Data for this task Block Start
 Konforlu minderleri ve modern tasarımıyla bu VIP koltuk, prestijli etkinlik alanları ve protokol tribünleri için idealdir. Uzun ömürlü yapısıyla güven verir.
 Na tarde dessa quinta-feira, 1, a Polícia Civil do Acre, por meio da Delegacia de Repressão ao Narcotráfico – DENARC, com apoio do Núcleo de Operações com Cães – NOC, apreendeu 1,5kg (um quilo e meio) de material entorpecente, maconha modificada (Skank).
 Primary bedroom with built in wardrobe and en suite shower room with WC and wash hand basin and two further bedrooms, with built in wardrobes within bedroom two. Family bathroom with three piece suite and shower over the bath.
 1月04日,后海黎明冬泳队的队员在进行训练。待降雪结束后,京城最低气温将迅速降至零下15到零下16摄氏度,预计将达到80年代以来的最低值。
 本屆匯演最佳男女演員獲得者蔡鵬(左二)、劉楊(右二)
Data for this task Block End
Data for this task Block Start
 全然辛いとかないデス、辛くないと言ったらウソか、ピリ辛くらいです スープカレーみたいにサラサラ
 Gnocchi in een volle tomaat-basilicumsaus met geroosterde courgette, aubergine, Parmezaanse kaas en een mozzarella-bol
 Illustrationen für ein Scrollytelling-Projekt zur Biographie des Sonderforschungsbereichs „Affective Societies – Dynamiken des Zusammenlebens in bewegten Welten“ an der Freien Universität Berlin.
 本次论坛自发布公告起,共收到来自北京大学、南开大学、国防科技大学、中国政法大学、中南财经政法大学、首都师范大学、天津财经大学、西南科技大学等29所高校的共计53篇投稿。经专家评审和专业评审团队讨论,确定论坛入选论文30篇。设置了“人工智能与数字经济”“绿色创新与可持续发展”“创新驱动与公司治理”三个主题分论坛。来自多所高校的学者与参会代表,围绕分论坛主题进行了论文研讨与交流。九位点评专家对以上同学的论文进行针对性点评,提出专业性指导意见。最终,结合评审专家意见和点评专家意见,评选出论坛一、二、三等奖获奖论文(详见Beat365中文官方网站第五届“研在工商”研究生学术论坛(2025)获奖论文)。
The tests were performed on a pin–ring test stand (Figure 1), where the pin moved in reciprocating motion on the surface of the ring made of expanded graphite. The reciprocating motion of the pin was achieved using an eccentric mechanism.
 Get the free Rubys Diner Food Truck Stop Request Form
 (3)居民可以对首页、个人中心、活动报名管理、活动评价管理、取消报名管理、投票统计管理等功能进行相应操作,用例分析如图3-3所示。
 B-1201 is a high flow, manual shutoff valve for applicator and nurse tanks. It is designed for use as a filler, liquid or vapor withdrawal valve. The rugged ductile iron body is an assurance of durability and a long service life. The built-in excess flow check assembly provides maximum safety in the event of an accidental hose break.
Data for this task Block End
Extract exactly and only the lines above from the line containing "全然辛いとかないデス、辛くな" through the line containing "Gnocchi in een", both end lines included.

 全然辛いとかないデス、辛くないと言ったらウソか、ピリ辛くらいです スープカレーみたいにサラサラ
 Gnocchi in een volle tomaat-basilicumsaus met geroosterde courgette, aubergine, Parmezaanse kaas en een mozzarella-bol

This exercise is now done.